Ya veis, pues, que vivo la vida a mi aire, sin ataduras, De dinero no voy bien ni mal, tengo el suficiente y gracias a la generosidad de algunos incautos —o debería decir almas piadosas y benefactoras— que dejan unas monedas, y algún que otro billete, en mi caja de cartón, la cual he adornado y enriquecido con un cartelito en el que tengo escrito, con una letra muy pulcra —que uno será indigente, pero no inculto, pues de niño fui a la escuela, aunque de eso haga una eternidad— un mensaje que hasta haría llorar a Putin.

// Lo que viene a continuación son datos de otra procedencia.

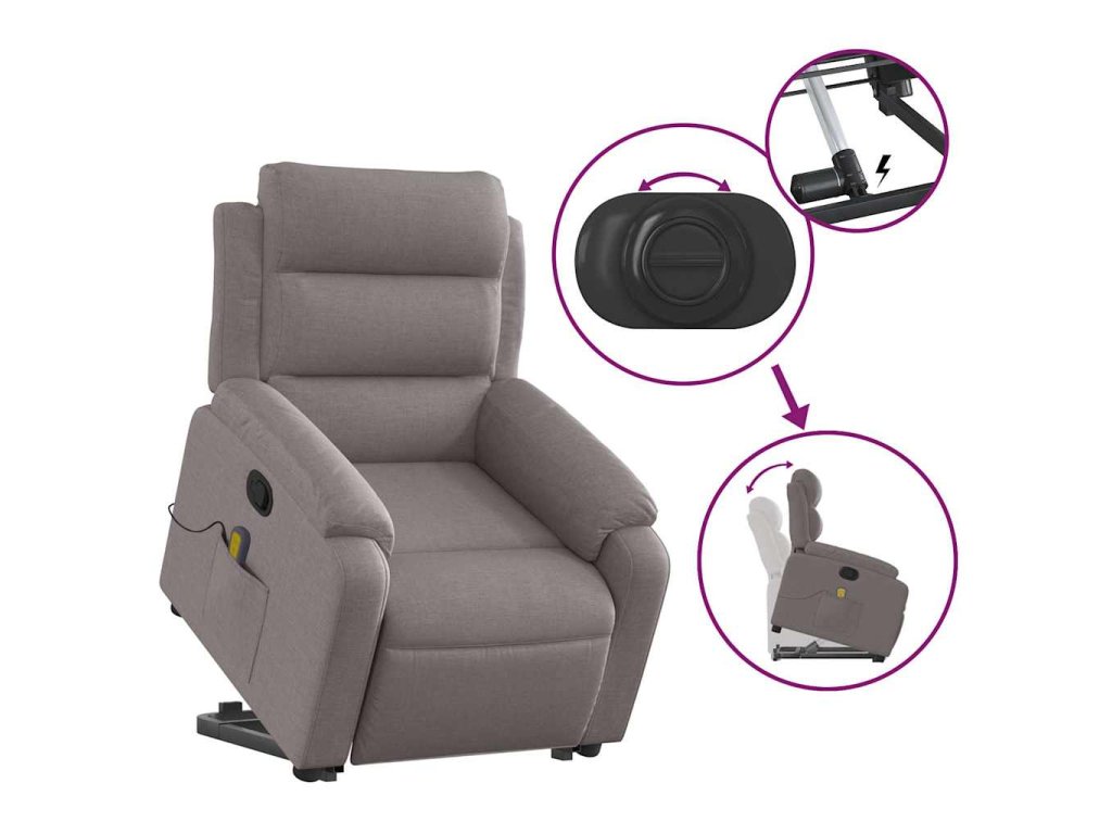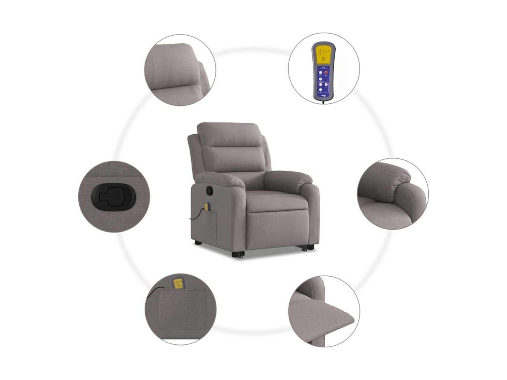 Multidom Zdvíhacie a sklápacie masážne kreslo sivohnedé látka

El truco consiste en esconder mis piernas bajo una manta y simular que donde se supone que debería haber dos piernas ahora hay dos muñones, pues sufrí los efectos de una mina antipersona cuando estuve en Afganistán con las tropas españolas. precisamente desactivando explosivos. Y la gente se lo cree. Hay que ver lo ilusos que son algunos. Supongo que da tanta pena ver que una persona que ha sacrificado su vida en nombre de la libertad acabe en la calle sin ningún tipo de subsidio, que más de uno se siente en la obligación moral de aportar un dinerillo para paliar un poco esa injusticia y drama humano.

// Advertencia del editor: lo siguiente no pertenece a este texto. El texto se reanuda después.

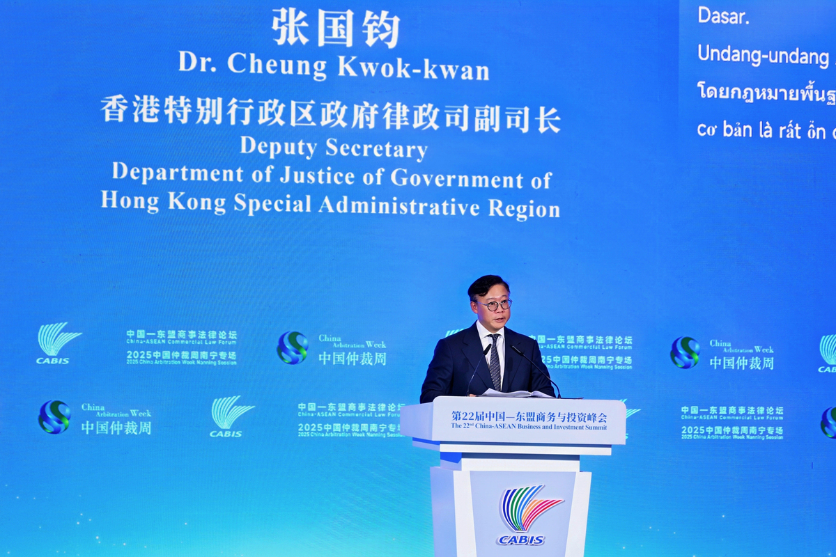 律政司副司長張國鈞9月18日在廣西南寧出席中國---東盟商事法律論壇,推廣香港法律服務在支持企業「引進來」及內企「走出去」的優勢,促進桂港攜手支持內企開拓海外市場。

El único contratiempo que ese engaño es que no puedo quedarme inmóvil todo el día en la misma posición, pues las piernas se me acaban agarrotando y doliendo un montón. Solo faltaría que las acabara perdiendo de verdad, pues a veces tardan mucho en recobrar la sensibilidad. Tengo que esperar a que oscurezca y no haya apenas transeúntes ni miradas indiscretas para erguirme y volver a la bipedestación, aunque sea cojeando un buen rato hasta desentumecer y recuperar la movilidad de mis dos extremidades inferiores. Lo hago con tanta maña que hasta ahora nadie me ha descubierto. Es entonces cuando aprovecho para el avituallamiento de comida y vestimenta. Así que ya veis que lo que gano, lo gano a pulso, con esfuerzo y sacrificio.

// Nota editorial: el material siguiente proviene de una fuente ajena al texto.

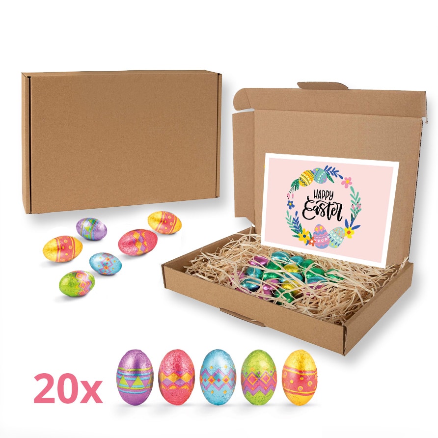 Jedes Mitarbeitergeschenk wird in unseren Werkstätten per Hand verpackt und ist gefüllt mit einer 20 Ostereiern. Mit der Osterbox wollen wir besonders eins, den Empfängern eine kleine Freude machen.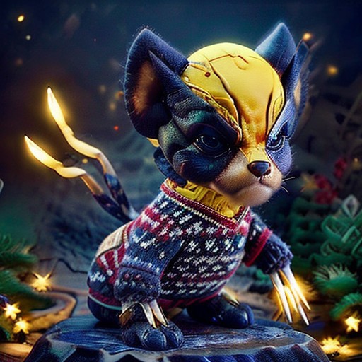 christmassweater,Highly detailed Dynamic shot of chibi wolverine costume, high quality, beautiful masterpiece, fantasy creature, kawaii, digital art, glowing sparkles,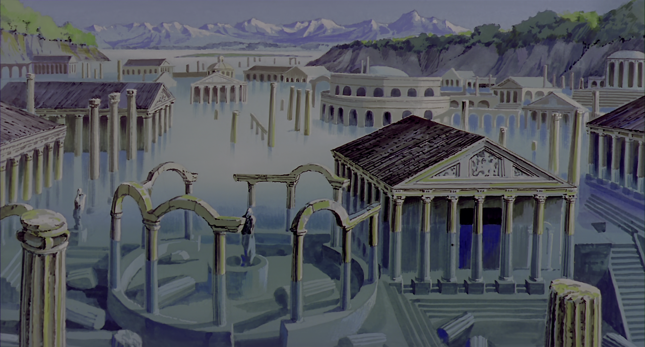 날이 밝아 무사히 호수 가로 나온 루팡과 클라리스는 호수의 바닥에 나타난 유적의 모습을 발견한다. 호수는 사실 시계탑을 수문으로 한 댐 호수로서, 보물이란 선조가 숨긴 고대 로마의 폴리스였으며, 시계탑의 장치는 담아두었던 물을 배출하여 가라앉은 유적을 드러내기 위한 장치였던 것이다. 그리고 반지는 시계탑의 기동장치였던 것이다.

El caso es que, como no tengo gastos y recaudo un dinerillo en donaciones —prefiero este término al de limosnas— tengo unos ahorrillos con los que he abierto una cuenta bancaria, pues, aunque no devengue interés alguno —otros ladrones, las entidades bancarias—, por lo menos estarán a salvo de manos ajenas, que por estos barrios ronda mucho mangante, en especial “el cojo” —que este sí que está tullido de verdad—, que intentó extorsionarme para evitar que divulgara mi engaño. Se ve que una noche no fui lo suficientemente precavido y descubrió mi truco, y me vio esconder mis ganancias del día en el saquito que llevo pegado a mi cuerpo para que nadie pueda tirar de él sin mi conocimiento mientras duermo. ¿No pretendía que le diera una parte a cambio de su silencio, el muy cabrón? Y es que ni siquiera en este mundo de indigentes existen los escrúpulos. Le propiné tal paliza, gracias a mi recuperada movilidad, que creo que lo dejé más tullido de lo que estaba. Aun así, tuve que poner tierra de por medio para que no diera conmigo, ni él ni nadie del gremio.

Ahora, desde que me he mudado a este nuevo barrio, alejado de la competencia, estoy mucho más tranquilo. Aquí la gente no es tan pudiente, pero no puedo quejarme. He descubierto otro Supermercado paquistaní —esa gente, al igual que los chinos, están por doquier— Además, hay ingenuos en todas partes. ¡Qué sería de esta sociedad sin la ingenuidad! Nada, no seríamos nada.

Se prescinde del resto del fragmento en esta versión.